Vincent Rougeau, Professor at Notre Dame Law, will be the next dean of Boston College Law School. His areas of expertise include contract, real-estate, banking, and public international law. However, it is some of his work in Catholic Social Thought that makes his appointment more controversial.
In a 2009 America article, Rougeau writes about race and religion during the 2008 presidential election. He argues that, because many American bishops affirmed the importance of voting for a pro-life candidate, they were out of touch with people of color. He claims that “Obama’s simple presence in the Oval Office” will do more to reduce abortion than any law passed by a McCain administration.
It is not surprise, then, that he was chosen by then Senator Barack Obama to be on the candidate’s national Catholic advisory committee, as a member of his National Steering Committee.
Senator Obama’s campaign message on the topic of contraception and abortion was in no way compatible with Catholic social teaching.
Many remember when Obama told a crowd at a Pennsylvania campaign rally that “I am going to teach [my daughters] first of all about values and morals. But if they make a mistake, I don’t want them punished with a baby.”
His argument that electing the most pro-abortion president in history will be the best way to defend the unborn is laughable at best.
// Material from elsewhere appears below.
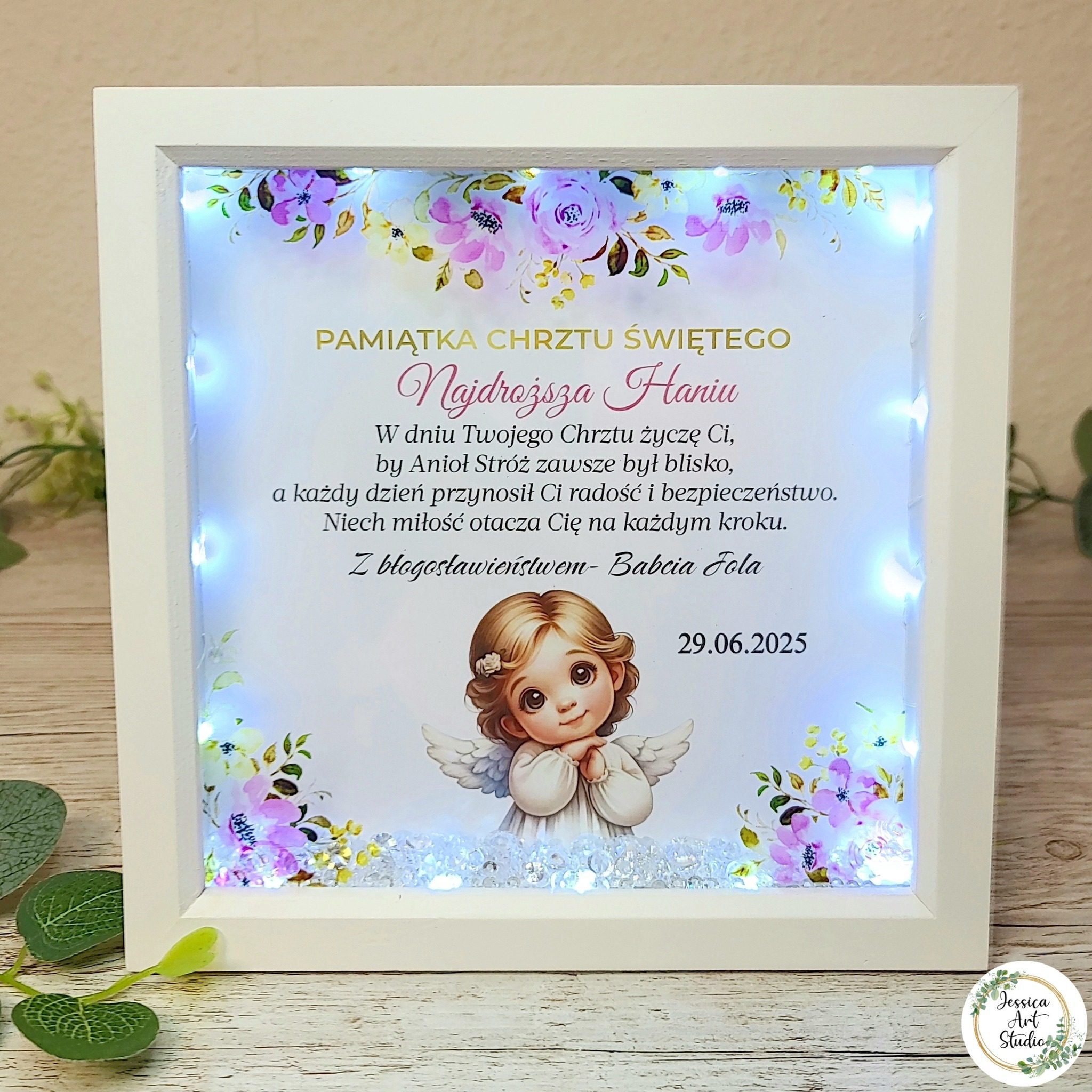 Ta wyjątkowa ramka LED z kryształkami to coś więcej niż upominek – to symbol miłości, troski i błogosławieństwa, który będzie towarzyszył dziecku przez całe życie.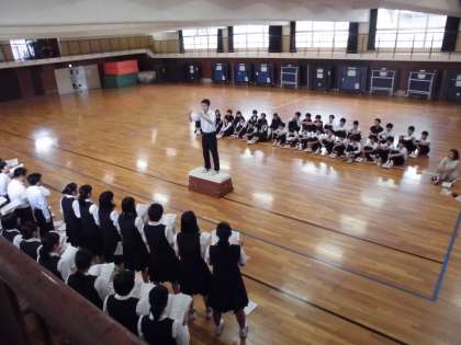 1年生が3年生の合唱練習の様子を見学に行きました。1年生も合唱を披露し、3年生からアドバイスをもらっていました。

As one of his first acts in office, Obama repealed the Mexico City Policy, allowing federal tax dollars to fund overseas abortions.
In Evangelium vitae, Pope John Paul II declared that “It is impossible to further the common good without acknowledging and defending the right to life, upon which all the other inalienable rights of individuals are founded and from which they develop.”
Rougeau misses this point when he argues that other issues are just as important as abortion in determining who Catholics ought to vote for. Other issues may be important, but, as Pope John Paul II wrote, they must rest on the defense of human life, from conception to natural death.
It is therefore disappointing that BC Law has chosen Rougeau, a professor who has shown a blatant disrespect for the Catholic Church’s fight against legalized abortion in the United States, as its next dean.
It is our hope that, as dean, Rougeau will reconsider his opinions on the Church’s defense of human life and affirm the responsibility BC has, as a Jesuit Catholic institution, to promote and defend the teachings of the Church.